Dysart promises something big, likely touching every other title going at Valiant.

“We get to reset the universe,” he teased. “It’s the thing in comics that people are always trying to pull off – you always want to try to change the status quo without changing the status quo so the reader gets a sense of change. All of the relationships are the same; who’s against whom, the motivations, the characters and who’s ‘bad’ and ‘good.’ And yet, we’re shaking everything up, the shape of all of those conflicts change.”

Harada, on the other hand, might come out of this story feeling diminished having been “outed” by the Renegades. According to Dysart, the struggle for the character is what will he (or can he) do next, now that he’s not restrained by 40 years of secrets, after suffering a defeat at “the hands of a bunch of high school dropouts and a former drug addict” as Dysart lovingly described our heroes.

“I think that ultimately, he has a very noble vision for himself, and this really upends that.
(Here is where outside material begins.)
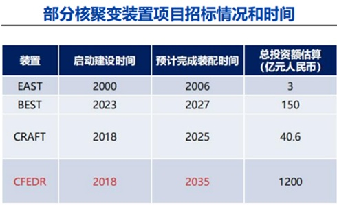 对有“中国可控核聚变天团”之称的EAST(全超导托卡马克核聚变实验装置)、BEST(紧凑型聚变能实验装置)和CRAFT(聚变堆主机关键系统综合研究设施)来说,爱建证券日前的研报估算,合计投资金额约为193.6亿元。

Instead of being humbled, he’s going to be angry. So in talking about psychology, we’re going to see someone with a vision and it’s collapsed. Harada with a plan is more dangerous than Harada without a plan.”

And it’s not just Renegades and Harada who’ll be dealing with the consequences: “When you start dealing with human mortality and not just superhero mortality, that really changes the culture. That’s stuff that I want to explore.”